Sono tanti i grandi scrittori scoperti in Einaudi da Italo Calvino. Tra questi, ricordiamo Primo Levi, Beppe Fenoglio, Anna Maria Ortese e Leonardo Sciascia.

Su quest’ultimo si racconta un aneddoto divertente. Quando ricevette il manoscritto de Le parrocchie di Regalpetra, Calvino ne rimase folgorato. Intuì che Sciascia stava inventando un nuovo modo di fare letteratura civile: usare il giallo e l’indagine per raccontare la corruzione e il potere. Tra i due nacque un carteggio fitto, dove Calvino consigliava a Sciascia come rendere i suoi testi più “universali” e meno legati al dialetto stretto.
 

Il “Metodo Calvino” per i giovani autori

Calvino non si limitava a dire “pubblichiamolo”. Lui entrava nel testo. Ecco come lavorava con gli esordienti. Innanzitutto, scriveva lettere lunghissime in cui analizzava ogni capitolo. Poteva dire a un autore: “A pagina 40 il ritmo cade, taglia tre righe” oppure: “Il tuo personaggio parla troppo, fallo stare zitto e fagli fare un’azione!”

Inoltre, odiava la scrittura sciatta e i sentimentalismi facili. Se un autore cercava di commuovere il lettore con troppi aggettivi, Calvino diventava spietato e lo bocciava senza appello.
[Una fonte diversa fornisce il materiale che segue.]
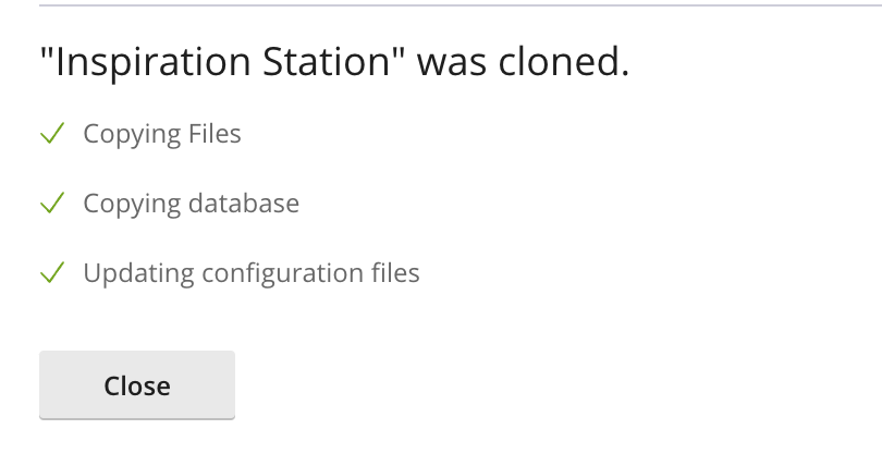 - Klikk på Close når kopieringen er utført. Du kan nå gå til webadressen for test-siden og logge inn med samme Wordpress brukernavn som på hoved siden.

Infine, scriveva lui stesso i “risvolti di copertina” (le presentazioni sul retro del libro) per questi nuovi autori, creando per loro un’identità letteraria che prima non avevano.

Insomma, se la letteratura italiana del secondo Novecento è così “pulita”, elegante e corretta, lo dobbiamo in gran parte a Italo Calvino e a queste sue ore passate a correggere bozze altrui.